Specific Type: Wooden
In 1983, Marriott was looking to sell off its Great America park due to its disappointing earnings, and had agreed to sell the park to Caz Development company, but Marriott also gave a first option to the park to the city of Santa Clara, which leased 55 acres of parking to the park. With both the city and Caz interested in owning the park, tensions between the parties as well as legal disputes threatened to destroy all deals. Finally though, in the middle of 1985, the city was able to purchase the park from Marriott for $93.5 million, and Caz Development was allowed to build a hotel and office on land nearby, satisfying all parties involved.
For its first season as the owner of the park, the city wanted to add something big for 1986 in the form of the wooden Grizzly. Designed by Dinn & Summers, and built by the Kings Island Construction, Maintenance, and Engineering Department, the “new” wooden coaster was a double-out-&-back coaster designed based off of the Wildcat at Cincinnati’s Coney Island. Just four years prior, Kings Island CME had designed another Grizzly coaster, also based on the Wildcat, however the one at Great America was designed to be a “tamer and gentler” version than those two coasters. Oddly enough, just three years later in 1989, Great America would be purchased by Kings Entertainment Company, under which Kings Island CME operated. The Grizzly is one of only a small percentage of wooden coasters to feature trains made by Morgan Manufacturing.
The ride starts off with a slow, gliding turnaround which brings the train back towards the brake run as it straightens out and passes the transfer track, then turns left as it parallels the brake run for its climb up the lift hill. After climbing 91 feet up into the air, the train then crests the lift hill and plummets 88 feet down to earth, plunging at 55 mph just feet above the ground, twisting slightly to the right as it reaches the bottom of the hill. At this point, the track pulls skyward and levels out into a wide, flat turnaround that sends the train back towards the middle of the lift hill. From here, the train drops back down towards the ground again next to the park’s go-kart track before climbing up and over a long, extended hill which turns slightly to the left, lining the train back up parallel with the lift hill and directly alongside the final brake run.

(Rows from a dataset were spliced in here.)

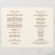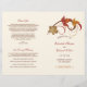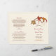 Diseño de programa de ceremonia de boda con tema otoñal con fondo marfil que presenta elegantes rollos y hojas en colores otoñales. Personalice el texto personalizado para su corte nupcial, información de la ceremonia y mensaje de agradecimiento. Nota: estos programas de papel de peso de texto llegan planos y requieren doblarse para ensamblar.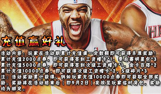 累计充值2000点券,即可获得签到工资帽卡*1,季后赛明星包*3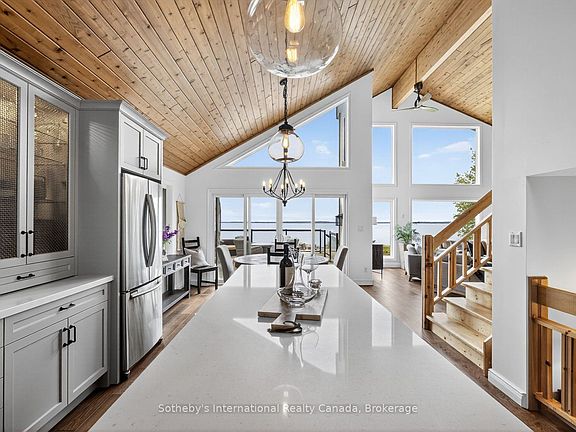 Natural shorelineSoaring cedar ceilingsEngineered hardwoodBespoke kitchenBeautifully finished bathroomsFarmhouse sinkPanoramic lake views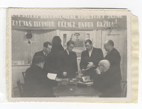 Apspriede pie galda. Personas nav atpazītas, domājams, kolhoza vadība. J. V. Staļina portrets. Lozungs padomju patriotisma garā. Telpas iekārtojums. Kolhozs "Jūras arājs" atradās Mazirbē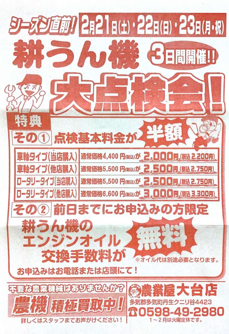 農業屋からのお知らせ

Still banking to the left, the track then banks even more heavily as the train pulls up and traverses over a rising and falling fan-curve turnaround. After dropping back down, the train then crosses under itself and traverses another long, low, stretched-out hill that turns slightly to the right and lines the train back up with its initial “out” run. Another dip back down to the ground is followed by a sharp rise up into another right-hand turnaround, following along the inside of the first turnaround. For its finale, the track drops back down again and sends the train flying over a low bunny hill before banking and twisting to the left, twisting and rising as it levels back out into the final brake run.